Infelizmente, ainda, há muitos, a começar pelo presidente dos Estados Unidos que negam as evidências e os alertas dos investigadores e cientistas. Outros, muito muitos mais, estão avisados, mas pouco fazem para inverter esta dramática situação que, ao contrário do que se previa, não será vivida pelos nossos descendentes, mas já está em cima de todos nós.

Um estudo divulgado recentemente pela Universidade de Stansford, na Califórnia, alerta que estamos a assistir a uma extinção em massa de vida na terra, com uma “aniquilação biológica” da vida selvagem, já que mais de 30 por cento das espécies de vertebrados estão em declínio, tanto na população como na distribuição geográfica. Os cientistas garantem que este é um prelúdio do desaparecimento de muitas outras espécies e da degradação que torna possível a nossa civilização. Por outro lado, um relatório das Nações Unidas, de há 3 meses, conclui que 884 milhões de pessoas em todo o Mundo, maioritariamente em África, não têm acesso á agua potável, a saneamento básico e a tratamento de esgotos, o que constitui um drama humano, com as doenças a matarem, por ano, 360 mil crianças com menos de 5 anos. A ONU fala, também, numa perigosa contaminação do ar, água e solos de consequências muito graves para um desenvolvimento sustentável.

Um outro estudo, recente, envolvendo 10 mil europeus revelou que a maioria está preocupada com os efeitos das oscilações climáticas, em particular nos oceanos, mas acham que o pior já aconteceu e, mais preocupante, acreditam que os humanos só parcialmente contribuíram para essas alterações no clima. Quando assim é, dificilmente, os governos ganham coragem para tomar as medidas que se impõem, pois não sentem a pressão dos movimentos sociais e dos cidadãos.
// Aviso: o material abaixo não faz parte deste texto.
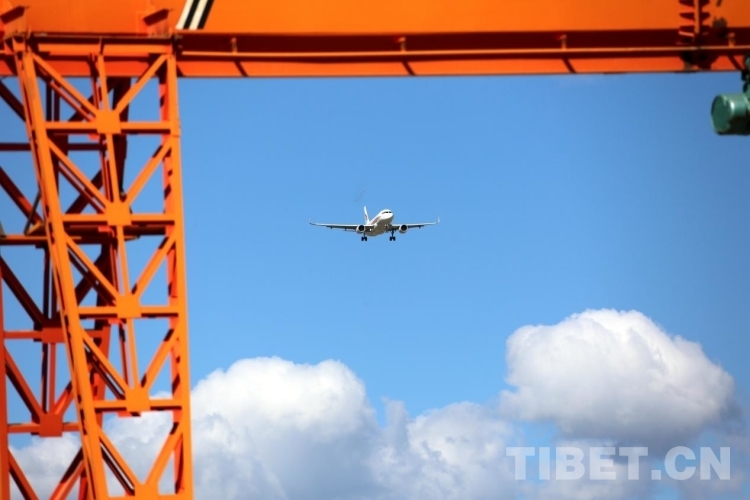 圖為一架西藏航空旗下的飛機從開工儀式現(xiàn)場上空飛過 攝影:王佳豪

Curiosamente, as pessoas mais conscientes e mais preocupadas, são as que vivem perto do mar, as mulheres, os mais velhos e os habitantes dos países do sul da Europa. Por estes lados, a Estratégia de Adaptação da Madeira às Alterações Climáticas, identifica vários impactos e vulnerabilidades do arquipélago, como o aumento da temperatura, a diminuição da precipitação, a redução significativa dos caudais das nascentes, a subida do nível do mar, a ameaça de cheias, o aumento do risco de incêndios, a ocorrência de deslizamentos, o aparecimento de novas doenças transmitidas por vetores (mosquitos), as novas pragas na agricultura e na floresta e a redução da biodiversidade, e estabelece um conjunto de políticas, objetivos e medidas para monitorizar e mitigar as variabilidades do clima no meio regional. O mais dramático é que há muita gente a duvidar ou a menosprezar estas mutações climáticas e aquilo que cada um de nós deve fazer para reduzir o consumo energético, baixar as emissões de gases, fazer decrescer a poluição e minimizar todos os riscos associados ao “novo” clima. O tempo é de convencer e envolver todos na batalha pela sobrevivência!